Esto no se arregla, pues, con abrazos y buenas palabras. Y menos con provocaciones mutuas, abuso de redes, portavocías interpuestas y reparto de medallas en los partidos a los que sean más agresivos -los partidos son los primeros que deben reflexionar, en lugar de externalizar las culpas-. Me parece que lo prioritario es recuperar la templanza, porque queda cuerda para rato. Claro que hay una crisis, pero en todos los gobiernos de coalición las hay -en los otros también-, pero se solucionan con un rigor que aquí no sirve. Seguro que los aspectos más sangrantes se solucionarán, aunque los días de vino y rosas hayan terminado. Pero las hemorragias más graves son las internas. El Botànic, a la vez, ha de aprender a mantener y a refundarse, a ocuparse de lo urgente y de lo más necesario. ¿Difícil? Mucho. Pero menos que la introducción de las fuertes reformas que acometió desde 2015, con el logro del incremento de la autoestima de los valencianos y el radical cambio de la imagen que de la CV se tenía en el exterior.
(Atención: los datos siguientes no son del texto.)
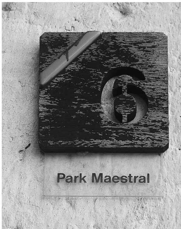
→ Červar-Porat, kućni broj, snimila: Ivana Haničar Buljan, 2008.

očuvanju prirodnih i kulturno-povijesnih vrijednosti uz izgrađene turističke objekte možemo istaknuti zapadnoistarsku regiju. 3 Primjer takvog modela, u kojem izvedba prati sustavno planiranje prostora, jest i projekt "sezonskoga grada" Červar-Porta pokraj Poreča. 4 Zamisao o izgradnji prvoga turističko-stambenog naselja na području općine Poreč potekla je od turističko-ugostiteljskog
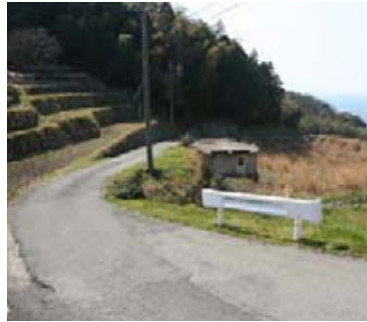
町道長浜西ヶ畑線道路改良事業
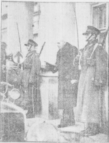
Pan Prezydent Rzeczypospolitej opuszcza Belweder (Na str. 3-iej podajemy pełny tekst przemówienia P. Prezydenta, wygłoszonego przed mikrofonem Polskiego Radia — o wielkości Marszałka Piłsudskiego. Zdjęcie, przedstawiające moment ten z tego przemówienia, zamieszciliśmy w numerze wczorajszym)
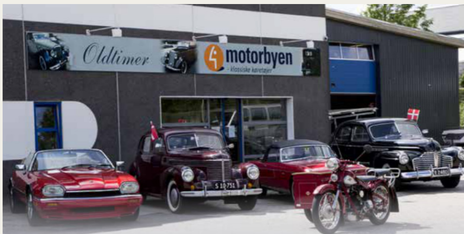
Motorbyen, Odense, en virkelig interessant ramme om klassiske biler

Jeg har flere gange besøgt min familie i USA, og jeg skal ikke lægge skjul på, at jeg nok har en lille passion for amerikanske biler. Første gang jeg besøgte USA var i
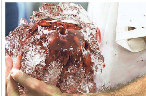
Una scultura di Marcantonio Brandolini d'Adda

Marcantonio Brandolini d'Adda vola a New York con la galleria Alma Zevi. La galleria veneziana debutta infatti nella Grande Mela con un allestimento site-specific che presenta una serie di sculture, astratte e imponenti, realizzate in vetro di Murano. In mostra, una serie di opere prodotte interamente a Murano all'inizio di quest'anno, e intitolate “Indefiniti”: si tratta di sculture in vetro corpose, audaci, la cui superficie viscerale sembra quasi chiedere di essere toccata. Il peso considerevole di ognuna di esse conferisce all'opera un senso di innata gravità e di irraggiungibilità fisica. Sensibile colorista, l'artista combina in maniera del tutto naturale vividi frammenti di vetro, detti cotissimi in dialetto muranese, i quali vengono uniti con lo strato
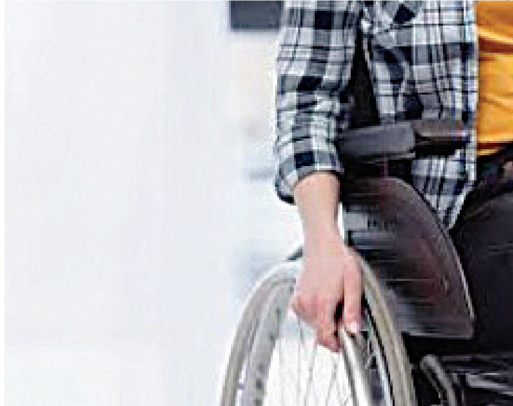
Condomínios residenciais de Jundiaí devem disponibilizar ao menos uma cadeira de rodas em cada torre

Assim, o artigo 1º da lei original tem o acréscimo de um inciso, passando a vigorar com a seguinte redação: “Art. 1º. A Lei nº 4.522, de 20 de fevereiro de 1995, que prevê disponibilização de cadeiras de rodas nos locais que especifica, passa a vi-
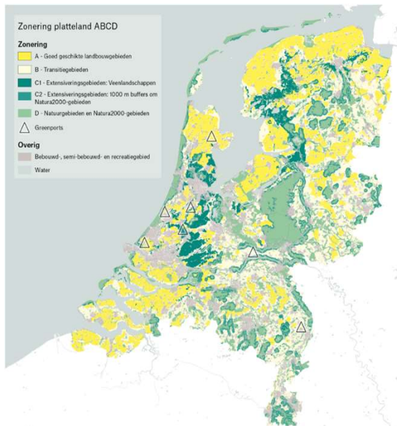
Figuur 1: Gebiedsindeling in kaart gebracht. (Bron: LNV (bewerking door LNV van Bakker et al., 2021)).

De kaart in Figuur 1 is een afgeleide van de kaart van Bakker et al. (2021), en onderscheidt de gebieden op basis van een reeks ruimtelijke criteria (zie tekstbox 1 voor meer details). Globaal kan bij deze tentatieve gebiedsindeling aan de volgende arealen cultuurgrond worden gedacht: zone A ca. 845.000 ha ( \approx 40\% van huidig totale cultuurareaal), zone B ca. 735.000 ha ( \approx 40\% ), zone C ca. 420.000 ha ( \approx 20\% ).
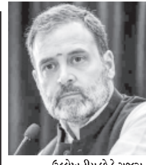
ઉલ્લેખનીય છે કે ગુજરાત હાઈકોર્ટે રાહુલ ગાંધીની સજા પર સ્ટે મૂકવાની અરજીને ફગાવી દીધી હતી. આ પછી પૂર્વ કોંગ્રેસ અધ્યક્ષે હાઈકોર્ટના નિર્ણયને સુપ્રીમ કોર્ટમાં પડકાર્યો હતો. જસ્ટિસ બીઆર ગવઈ

નવી દિલ્હી, તા. ૨૧ સુપ્રીમ કોર્ટે આજે મોદી સરનેમ ટીપ્પણી સંબંધિત માનહાની કેસમાં કોંગ્રેસ નેતા રાહુલ ગાંધીની અરજી પર સુનાવણી કરી હતી. સુપ્રીમકોર્ટે આ મામલે પૂર્ણેશ મોદીને પણ નોટિસ ઇશ્યૂ કરી હતી. તેમને ૧૦ દિવસમાં જવાબ આપવા પણ નિર્દેશ આપ્યો છે. આ સાથે ગુજરાત સરકારને પણ સુપ્રીમકોર્ટે નોટિસ ઇશ્યૂ કરી છે. રાહુલ ગાંધીએ એવી દલીલ કરી હતી કે વાચનાડામાં ગમે ત્યારે પેટાચૂંટણીની જાહેરાત થઈ શકે છે. હવે આ મામલે આગામી સુનાવણી ૪ ઓગસ્ટે કરવામાં આવશે.
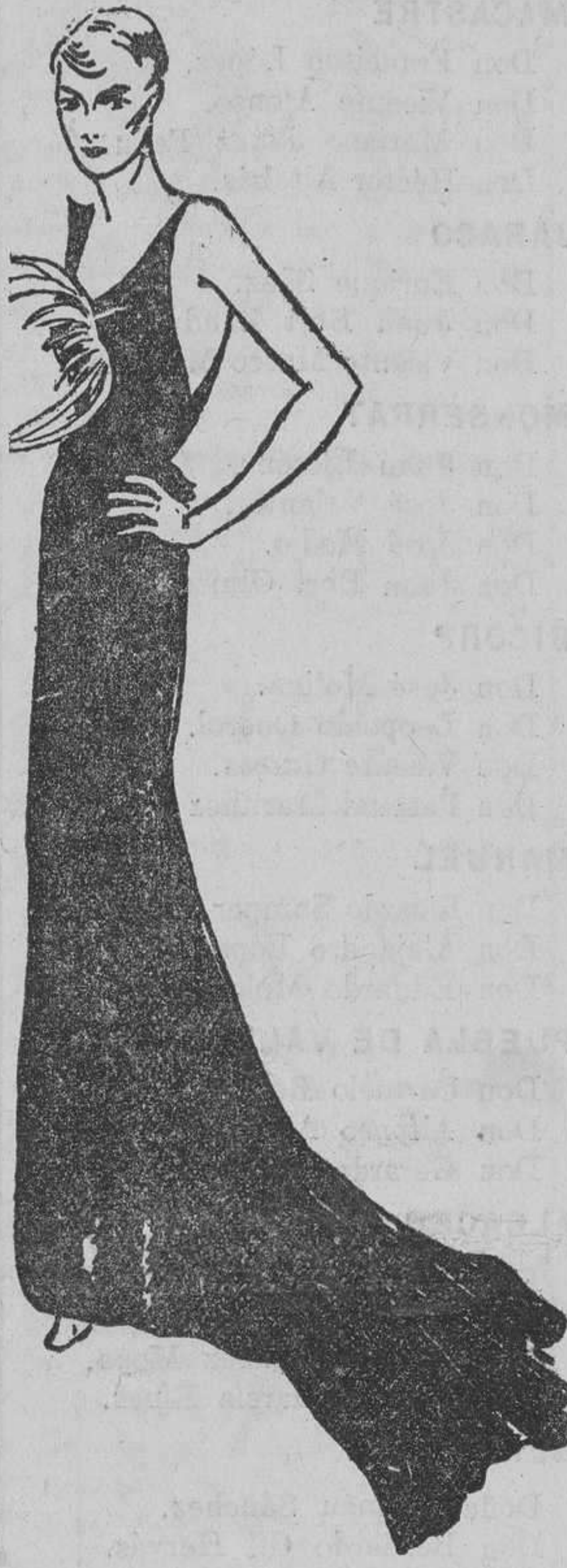
El modelo perfecto de la elegancia, en trajes para comida, es un vestido de chifón negro, de corte liso y sencillo en la parte de delante, y que termina en cola opulenta. La creadora de este modelo (Lelong) ha colocado sobre el pecho un penacho de plumas de ave del Paraíso, con lo cual hace resaltar aún más su sobria elegancia.

La moda del renard, que se lleva en todos colores, negro, azul, beige, ahumado, plateado, etc., ha traído nuevamente la del manguito, que se lleva a toda hora del día o de la noche, y que da a la
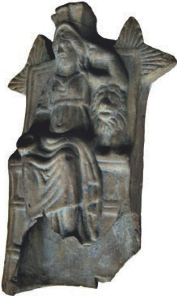
Res. 13 - Kybele

Kybele, Anadolu'nun en önemli tanrıçasıdır. Doğanın doğurucu ve besleyici niteliği onunla eşleştirilmiş, zamanla doğurganlıktan bolluk, verimlilik ve ürün kaynağı olma niteliği kazanmış ve daha sonraları karşılaşılan tanrıçaların da öncüsü olmuştur. (Resim 13-14) Mitolojide Kybele'yi farklı isimlerle görmekteyiz. Kültepe tabletlerinde adı Kubaba, Lydia'da Kybebe, Phrygia'da Kybele olarak geçmektedir. Hitit kaynaklarında ise Hepat olarak adlandırılmıştır. 61
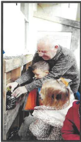
Hortas Verticais "Cultivando Vida"
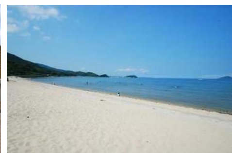
左 / きららの湯 右 / 深江海岸

Y sabiendo esto ojalá que nuestros dirigentes tengan fuerza y sabiduría para entender que de lo que se trata es de repensar las líneas de convergencia. Líneas claras, pocas, concisas, sin necesidad de saquear el diccionario. Comprensibles para la mayoría de progreso sobre la que se asienta el Botànic y no sólo para unas élites dadas más a sobreentender que a entender. Y, sobre todo, formuladas como nuevas preguntas, sin dar nada por sabido. Ni siquiera las formas de vertebración interna del Consell, en especial las que provocan más conflictos que remedios ponen. El cambio genérico no sirve, aunque esperan muchísimos cambios en una línea de izquierdas, o de centro-izquierda. La pandemia ha desestructurado el mundo conocido. No creo que toda crisis sea oportunidad de mejora. Probablemente vamos a salir peor, porque va a haber miles de valencianos más pobres, más humillados y más perplejos ante la lentitud burocrática de las administraciones y las dislocadas voces de sus políticos. Pero también es cierto que se abren algunas puertas para reformular compromisos y encontrar nuevas alianzas. El Botànic, sobre todo, fue imaginación. La crisis ahora es de imaginación. Que los jefes del proyecto se reúnan, pero que decidan, sobre todo, abrir las puertas a la sociedad. Es entender que lo que permitirá salir del bache será derrotar a los fantasmas de la comodidad, de la inercia y de los males de la pandemia. Todo lo que no sea eso, será camino para nuevas frustraciones y creciente nerviosismo ante cada encuesta.

En las primeras palabras de «Ana Karenina», Tolstoi escribió: «Todas las maneras de sentirse uno feliz se parecen entre sí; pero los desdichados ven siempre en su infortunio un caso personalísimo”. Una de las cosas que hizo el Botànic fue intentar que la felicidad en política pudiera ser distinta de la que la derecha valenciana había adoptado como patrimonio. Su cultura común consistió en eso. Ahora se equivocan unos y otros si a su pérdida de humor le añaden el fuerte convencimiento de que su desdicha es la única justa y justificada. Si perseveran en ello, en un par de años -o menos- la alternativa consistirá en que gobierne un pacto nefasto de derecha y ultraderecha o que, en lugar de un Pacto del Botánico, se llegue a un Pacto del Zoológico. Mala cosa.